May 2007


The discovery of interstellar ketenimine (CH2CNH) was reported in 2006 by Lovas et al. using the Green Bank Telescope, its eighth new detection in two years of operation. Ketenimine was found in Sgr B2, the richest known source of interstellar molecules in the galaxy. Two other isomers, methyl cyanide (CH3CN) and methyl isocyanide (CH3CN) have also been observed. Very tentative evidence has also been presented for cyclic 2H-azirine.

Ketenimine is both a specific compound and the group name for R1R2C=C=NR3 species containing the cumulenic C=C=N backbone and the =NR imine group. The C=C=N backbone is slightly non-linear in ketenimine.
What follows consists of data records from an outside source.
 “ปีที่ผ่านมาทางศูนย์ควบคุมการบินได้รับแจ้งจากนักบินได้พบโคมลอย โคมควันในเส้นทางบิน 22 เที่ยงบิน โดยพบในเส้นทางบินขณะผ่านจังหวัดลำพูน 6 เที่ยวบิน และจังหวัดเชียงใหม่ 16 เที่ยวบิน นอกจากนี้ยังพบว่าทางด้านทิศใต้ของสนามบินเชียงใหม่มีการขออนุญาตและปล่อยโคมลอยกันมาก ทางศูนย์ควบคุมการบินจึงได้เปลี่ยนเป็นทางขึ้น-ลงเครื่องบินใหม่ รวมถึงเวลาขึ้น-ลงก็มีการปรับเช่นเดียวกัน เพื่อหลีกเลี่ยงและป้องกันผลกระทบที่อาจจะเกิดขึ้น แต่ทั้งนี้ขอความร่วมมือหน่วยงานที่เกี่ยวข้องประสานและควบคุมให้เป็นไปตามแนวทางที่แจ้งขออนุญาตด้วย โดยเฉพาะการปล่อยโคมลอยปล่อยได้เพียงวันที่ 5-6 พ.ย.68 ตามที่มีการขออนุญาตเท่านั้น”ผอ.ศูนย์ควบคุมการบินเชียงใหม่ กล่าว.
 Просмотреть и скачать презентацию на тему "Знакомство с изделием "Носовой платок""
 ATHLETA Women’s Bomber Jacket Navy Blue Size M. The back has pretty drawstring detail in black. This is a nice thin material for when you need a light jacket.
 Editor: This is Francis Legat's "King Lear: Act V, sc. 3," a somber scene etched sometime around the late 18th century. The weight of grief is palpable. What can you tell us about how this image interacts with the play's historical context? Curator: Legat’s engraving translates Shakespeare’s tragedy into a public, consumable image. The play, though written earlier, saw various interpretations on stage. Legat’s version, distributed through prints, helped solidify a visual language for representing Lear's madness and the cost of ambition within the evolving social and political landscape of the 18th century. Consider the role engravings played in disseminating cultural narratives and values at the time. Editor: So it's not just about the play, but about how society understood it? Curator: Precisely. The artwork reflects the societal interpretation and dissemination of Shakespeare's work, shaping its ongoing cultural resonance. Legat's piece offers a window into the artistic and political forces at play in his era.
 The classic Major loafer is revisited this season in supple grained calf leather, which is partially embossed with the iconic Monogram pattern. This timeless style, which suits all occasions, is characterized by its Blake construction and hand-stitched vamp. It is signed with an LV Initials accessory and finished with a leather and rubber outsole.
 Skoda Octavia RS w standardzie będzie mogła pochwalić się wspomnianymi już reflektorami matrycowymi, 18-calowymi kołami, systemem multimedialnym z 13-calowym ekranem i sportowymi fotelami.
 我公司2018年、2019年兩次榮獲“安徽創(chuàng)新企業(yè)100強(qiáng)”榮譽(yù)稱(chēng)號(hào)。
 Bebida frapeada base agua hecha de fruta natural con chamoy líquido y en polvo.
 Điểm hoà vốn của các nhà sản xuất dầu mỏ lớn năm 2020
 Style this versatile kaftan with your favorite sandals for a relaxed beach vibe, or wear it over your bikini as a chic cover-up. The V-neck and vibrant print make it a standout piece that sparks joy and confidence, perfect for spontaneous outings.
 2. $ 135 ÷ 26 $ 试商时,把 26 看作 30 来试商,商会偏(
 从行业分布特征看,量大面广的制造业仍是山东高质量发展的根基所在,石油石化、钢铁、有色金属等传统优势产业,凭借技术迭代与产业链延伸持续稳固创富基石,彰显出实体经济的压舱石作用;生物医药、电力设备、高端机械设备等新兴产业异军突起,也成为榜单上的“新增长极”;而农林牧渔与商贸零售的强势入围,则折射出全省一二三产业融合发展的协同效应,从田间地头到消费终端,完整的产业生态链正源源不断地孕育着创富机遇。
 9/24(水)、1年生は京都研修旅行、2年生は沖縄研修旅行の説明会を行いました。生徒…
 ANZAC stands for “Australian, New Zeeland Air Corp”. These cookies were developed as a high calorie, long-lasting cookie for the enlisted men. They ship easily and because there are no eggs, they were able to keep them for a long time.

There are a number of potential pathways to the formation of ketenimine under different interstellar conditions, most of which are noted by Lovas et al. It could possibly form by rearranging methyl cyanide or isocyanide, though both of these are endothermic processes with high barriers. The first spectroscopic characterization by Jacox & Milligan formed ketenimine in cold matrices with the acetylene + NH reaction, though this evidently has a small barrier in its entrance channel and requires a triplet to single intersystem crossing. The acetylene + NH2 reaction, chararacterized theoretically by Moskaleva & Lin, also has a small entrance channel barrier but yields ketenimine after a simple 1,2 H shift and elimination of a second H. Both might occur more efficiently in photolyzed ices.